Fragile X Chromosome made visible by Atomic Force MicroscopyDR. BEN OOSTRA/VISUAL UNLIMITED, INC.

The paper

J.C. Darnell et al., “FMRP stalls ribosomal translocation on mRNAs linked to synaptic function and autism,”Cell, 146:247-61, 2011. Free F1000 Evaluation

The finding

Fragile X syndrome, which is associated with autistic behavior, is almost always caused by loss of the protein FMRP. Although researchers knew that FMRP binds polyribosomes and mRNA to regulate synaptic plasticity, the mechanism was unknown. Robert Darnell at Rockefeller University and colleagues showed that FMRP regulates protein synthesis by reversibly stalling translation in neurons.

The experiments

Darnell’s team started by identifying the mRNAs that FMRP binds. They zapped cells with UV to covalently bind FMRP and any mRNAs in direct contact and sequenced more than 800 of the bound mRNA transcripts.
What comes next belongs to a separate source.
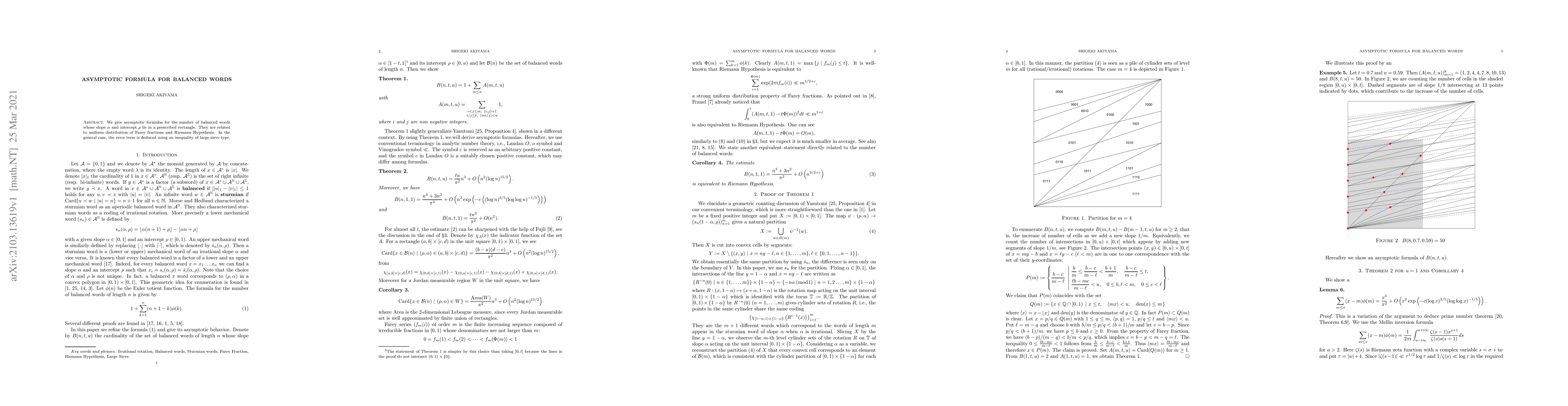 We give asymptotic formulas for the number of balanced words whose slope $\alpha$ and intercept $\rho$ lie in a prescribed rectangle. They are related to uniform distribution of Farey fractions and Riemann Hypothesis. In the general case, the error term is deduced using an inequality of large sieve type.

They noticed that FMRP-bound RNAs were also bound to ribosome complexes, which usually indicates active protein translation....

The take home message

This “technically beautiful and complete” work demonstrates how FMRP regulates protein synthesis, says Dieter Wolf at Sanford-Burnam Medical Research Institute in La Jolla.

The future

Although researchers now have a new pool of FMRP targets to begin investigating in detail, first author Jennifer Darnell does not think that overexpression of any one protein can cause Fragile X syndrome. Her lab is working to design therapeutic molecules that mimic FMRP’s action.